How to select blocks with sequential data and aggregate the ids
-
20-01-2021 - |
Question
I have the following table:
id(int) startDate(timestamp) endDate(timestamp) plan_id(int) planned(bool) machine(int)
--------------------------------------------------------------------------------------------------------------
2005 '2019-01-16 08:29:24.872736' '2019-01-16 08:30:23.529706' 34 true 6
2004 '2019-01-16 08:19:28.011148' '2019-01-16 08:29:22.680828' 34 true 6
2003 '2019-01-16 08:18:27.074312' '2019-01-16 08:19:25.753475' 34 true 6
2002 '2019-01-16 08:08:30.206288' '2019-01-16 08:18:24.856308' 34 true 6
2001 '2019-01-16 08:07:29.163124' '2019-01-16 08:08:27.949013' 34 true 6
2000 '2019-01-16 07:59:03.221309' '2019-01-16 08:00:14.654391' null false 7
1999 '2019-01-16 08:00:00.986367' '2019-01-16 08:00:03.221309' null false 6
1998 '2019-01-16 07:57:30.711044' '2019-01-16 07:59:58.778444' null false 6
1997 '2019-01-16 07:56:32.466508' '2019-01-16 07:57:28.489287' null false 6
1996 '2019-01-16 07:50:06.887349' '2019-01-16 07:56:30.237725' null false 6
1995 '2019-01-16 07:46:34.327582' '2019-01-16 07:50:04.619592' 33 true 6
1994 '2019-01-16 07:45:33.813483' '2019-01-16 07:46:32.014849' 33 true 6
1993 '2019-01-16 07:24:39.267365' '2019-01-16 07:39:23.786911' null false 6
1992 '2019-01-16 07:23:39.646218' '2019-01-16 07:24:37.093414' null false 6
1991 '2019-01-16 07:13:41.166337' '2019-01-16 07:23:37.403375' null false 6
1990 '2019-01-16 07:12:39.961234' '2019-01-16 07:13:38.907838' null false 6
1989 '2019-01-16 07:10:46.984236' '2019-01-16 07:12:37.647108' null false 6
1988 '2019-01-15 17:05:59.832834' '2019-01-15 17:08:21.603931' 31 true 6
1987 '2019-01-15 17:04:59.567046' '2019-01-15 17:05:57.565188' 31 true 6
1986 '2019-01-15 17:00:01.411266' '2019-01-15 17:10:57.255158' 31 true 7
I have to select the IDs of the blocks of unplanned records for a specific machine. I have been trying using window function, unfortunately, I couldn't work out the logic of it!

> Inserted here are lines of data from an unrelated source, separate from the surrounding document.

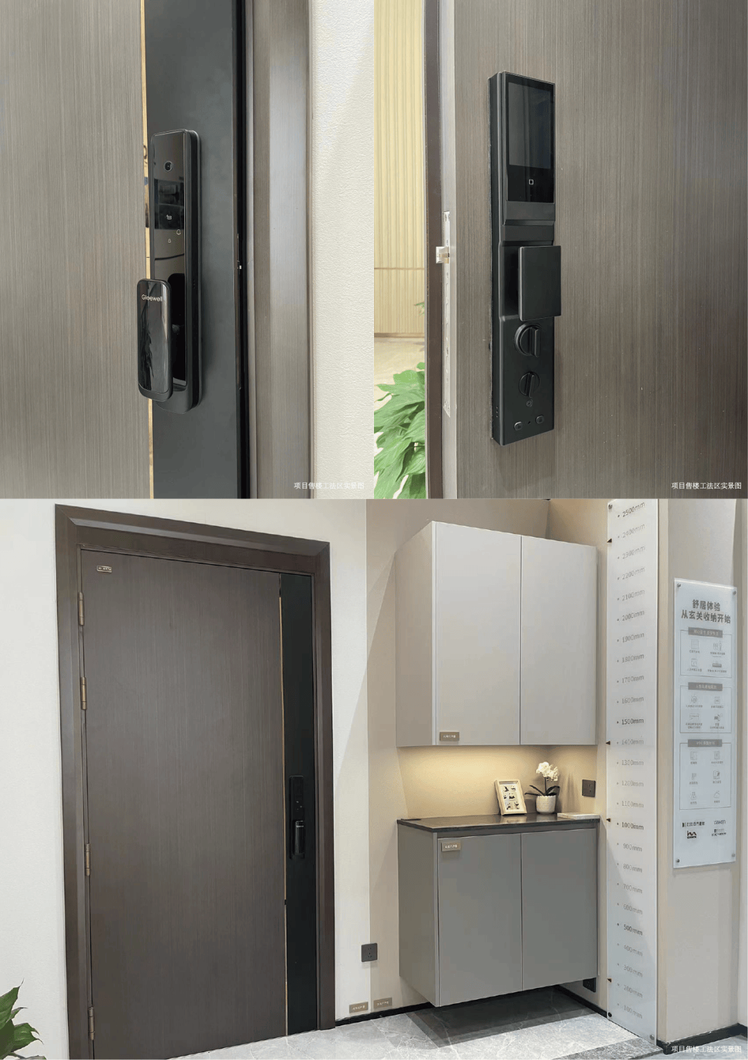 【尊崇入户,安全又贴心】入户门安全坚固,智能锁多种方式开启。玄关柜采用日本最高环保标准的材料,健康无害,内部空间还能灵活调节,特别实用。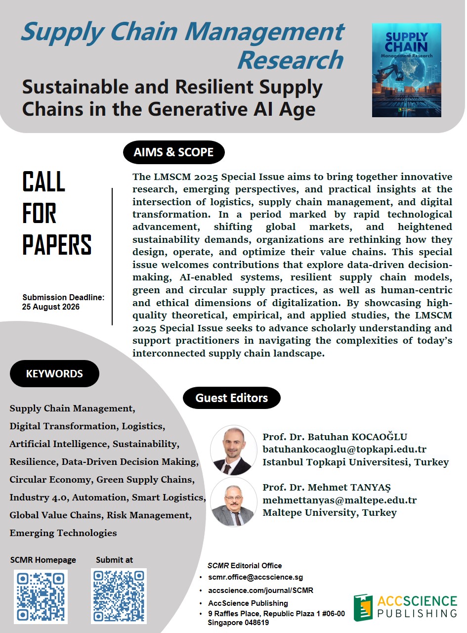 The LMSCM 2025 Special Issue aims to bring together innovative research, emerging perspectives, and practical insights at the intersection of logistics, supply chain management, and digital transformation. In a period marked by rapid technological advancement, shifting global markets, and heightened sustainability demands, organizations are rethinking how they design, operate, and optimize their value chains. This special issue welcomes contributions that explore data-driven decision-making, AI-enabled systems, resilient supply chain models, green and circular supply practices, as well as human-centric and ethical dimensions of digitalization. By showcasing high-quality theoretical, empirical, and applied studies, the LMSCM 2025 Special Issue seeks to advance scholarly understanding and support practitioners in navigating the complexities of today’s interconnected supply chain landscape.
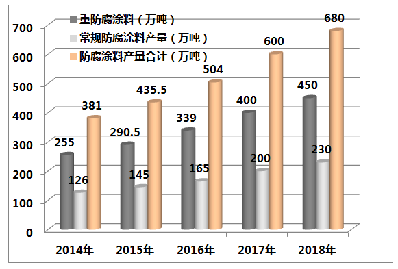 目前,我国防腐涂料的市场规模已仅次于建筑涂料而位居第二位。预计,?018年我国防腐涂料总产量将达到680万吨左右。其中尤其以重防腐涂料增长较快,发展前景可观、/p>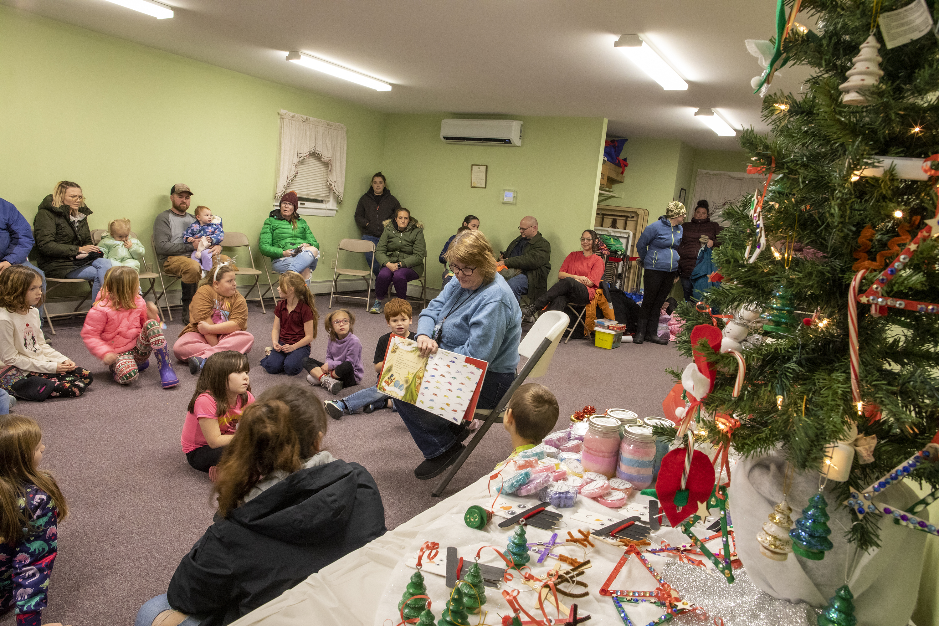West Paris After School Explorer’s Program Director Eileen Storck reads to children inside West Paris Town Office on Dec. 1 before Santa’s arrival. (Rose Lincoln/Staff Writer)

The problem here is that since we have different machines, we cannot rely on sequential ids, just that the endDate
of a sequence is very close to next startDate
(it is ok to set a tolerance constant e.g. 3 seconds).
I would like to have a query where the result would be: the min startDate
, the max endDate
and the IDs of the block. For this sample with machine = 6
, it would be:
blockStartDate blockEndDate ids
-------------------------------------------------------------------------------
"2019-01-16 07:50:06.887349" "2019-01-16 08:00:03.221309" [1999,1998,1997,1996]
"2019-01-16 07:10:46.984236" "2019-01-16 07:39:23.786911" [1989,1990,1991,1992,1993]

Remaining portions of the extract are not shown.